Since then, new year’s eve celebrations have ebbed and flowed in their potential and potency. For a few years when I was single I celebrated with cooking and slumber parties with a group of good friends. Then I had a couple years of festive evenings with my husband. Then our daughter was born and our friends had kids and that was more or less the end of that. 🙂 Yes, I realize there are babysitters, but we’re not big drinking and partying people, and all the new year’s eve activities seem centered on that and expensive, so we’ve just stayed in and watched movies and played games and consumed junk food while Zoe slept upstairs.

Then last night we went to see the Garden of Lights display at Brookside Gardens in Wheaton, Maryland. The display of lights is dazzling and we went last year at Christmastime. We had planned to go earlier this season but didn’t, which was fortuitous. We decided yesterday that taking Zoe to see the lights would be a nice new year’s eve treat after a day of just sitting around the house (not to say that playing at home isn’t also a treat for Zoe, because she is as happy doing that as anything). Maybe it was also a treat for us after a day of sitting around the house.

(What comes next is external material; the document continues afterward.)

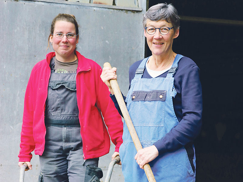 «Zurück auf Feld eins», schrieb sie in ihren Landfrauen-Chat. Von diesen Frauen kam schliesslich ein entscheidender Tipp, der die Betriebshelferin Jasmin Oehrli auf den Hof brachte. «Ja, das kann ich», sagte die Landwirtin nach einer Stallbesichtigung und kniete sich in die Arbeit. Drei freie Tage hatte sie seit Weihnachten, die körperlich schwere Arbeit geht an die Substanz. Aber auch sie lässt den Kopf nicht hängen. Es «giget» zwischen den beiden Frauen. Munter erzählen sie Episoden aus ihrem Alltag und man kann sich lebhaft vorstellen, wie die beiden Leichtgewichte beispielsweise mit einer widerspenstigen Rundballe gekämpft haben.

We got there around 7pm and discovered that many other families had had the same great idea, but the park is spacious enough to accommodate many bundled-up children and blanketed strollers. We walked down the paths and oohed and aahed at the lights that created thunderstorms, flocks of flying geese, the frog whose throat lit up, splashing dolphins, and hundreds of intricately shaped flowers. We discovered the greenhouse and the model trains inside barreling down tracks through old-fashioned Montgomery County scenes. And when we went inside the visitors center to warm up, we found a party goingon. There was face painting, craft making, and puzzles for kids; hot cocoa and cider for everyone; and a man who looked like a linebacker playing the harp and guzzling diet soda from a two-liter bottle between songs. We all had a lovely time. Zoe had a chocolate chip ice cream cone painted on her cheek and she decorated a paper crown to signify her status of queen of the realm in 2011. And she got to stay up until 10pm when we got home. What a day for a three-year-old! And her parents. Happy New Year!